Wednesday, December 31, 2008And the waterworks continue...
Wednesday, December 3, 2008 accident, birthday, Emil Svihel, family, funeral, grandpa, tractor
And the waterworks continue…
As if Vernon's passing wasn't enough to make this November memorable—for all the wrong reasons—a shocking phone call was received by my mom Monday morning. She had been in Minnesota for a week, and I figured the call had something to do with arrangements for her to take April for an errand day when she got back. Boy, was I wrong.
"Your Grandpa Emil passed away," she said.
Huh?! What?! I was confused—the man has always been in perfect health.
Apparently, his morning went as normal. He was up early and outside cutting wood, and stopped inside to find my mom and my grandma just waking up and drinking their morning coffee. After giving them some crap for "burning daylight," he went back out to cut more wood and continue his work.
The local fire department was headed down the dirt road to my grandparent's house. Now, we're talking about a small town, and every year, the firemen drive around town to sell their calendars. When they pulled up by the barn, the last thing on their mind was selling a calendar.

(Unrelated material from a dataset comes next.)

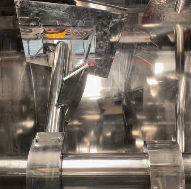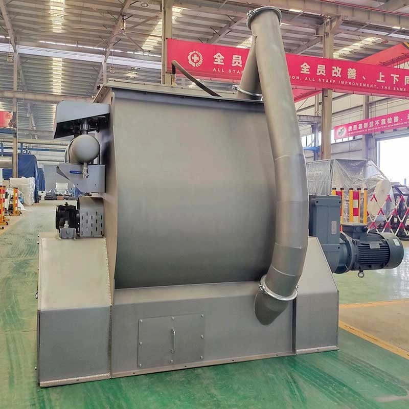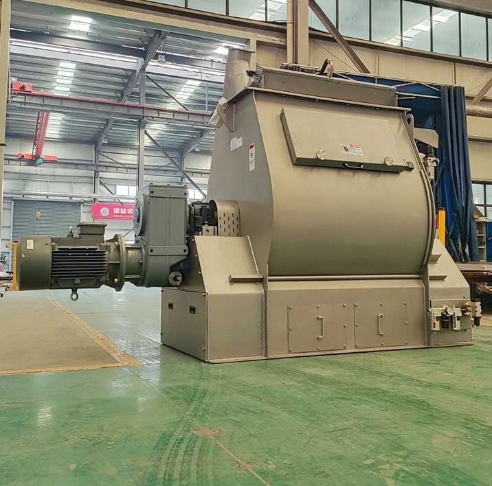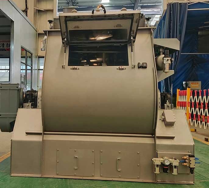 The main drive of the single roller mixer adopts double reducer to drive, which is more flat; the liquid(such as water, molasses, oil, etc) is added under a certain positive air condition, which is more accurate and uniform. It adopts pneumatic discharge mechanism with self-locking function, discharge door sealing with silica rubber, no leakage. large access door, reasonable design, convenient for cleaning and maintenance. The limit switch in the access door can ensure safety operation. Single roller double paddle mixer, mixing time 45-60s. High evenness, mixed evenness is more than 97.7%. Wide open discharge door, residual less than 0.1%. Energy saving machine, tons of power consumption is only 0.3W.

They found my grandpa face down on the ground. His tractor was wedged into the side of the barn, the wheels still turning and digging into the ground. The firemen jumped out to give CPR, and my mom and grandma couldn't see from the window what was going on—the fire truck was in the way. They didn't see what happened until they went out and saw what was going on.
Apparently, he had a massive heart attack—it wasn't the tractor crash that killed him. He had hit the barn so hard, his hat had flown over 30 feet behind him. The assumption is he was instantly killed by the heart attack, and the tractor led itself into the barn.
This happened Saturday morning—on my birthday—and my mom said she didn't want to call and ruin my birthday weekend with the news. She told me not to make the trip up, with the kids and all, and said that grandma would just love a phone call from all of us kids.
Of course, I didn't listen. I was bawling, I called Eric at work and he was able to take two days off of work for bereavement. I packed our bags, we loaded up the car, and on our way out of town we picked up Christopher from school.
Eight hours later, we made it into the small town of Foley at the farmhouse, where I hadn't been for a good 6 years or so. It had been a long time, but I stepped in the house and instantly felt welcomed—the wonderful, familiar smell of Minnesota hadn't changed at all.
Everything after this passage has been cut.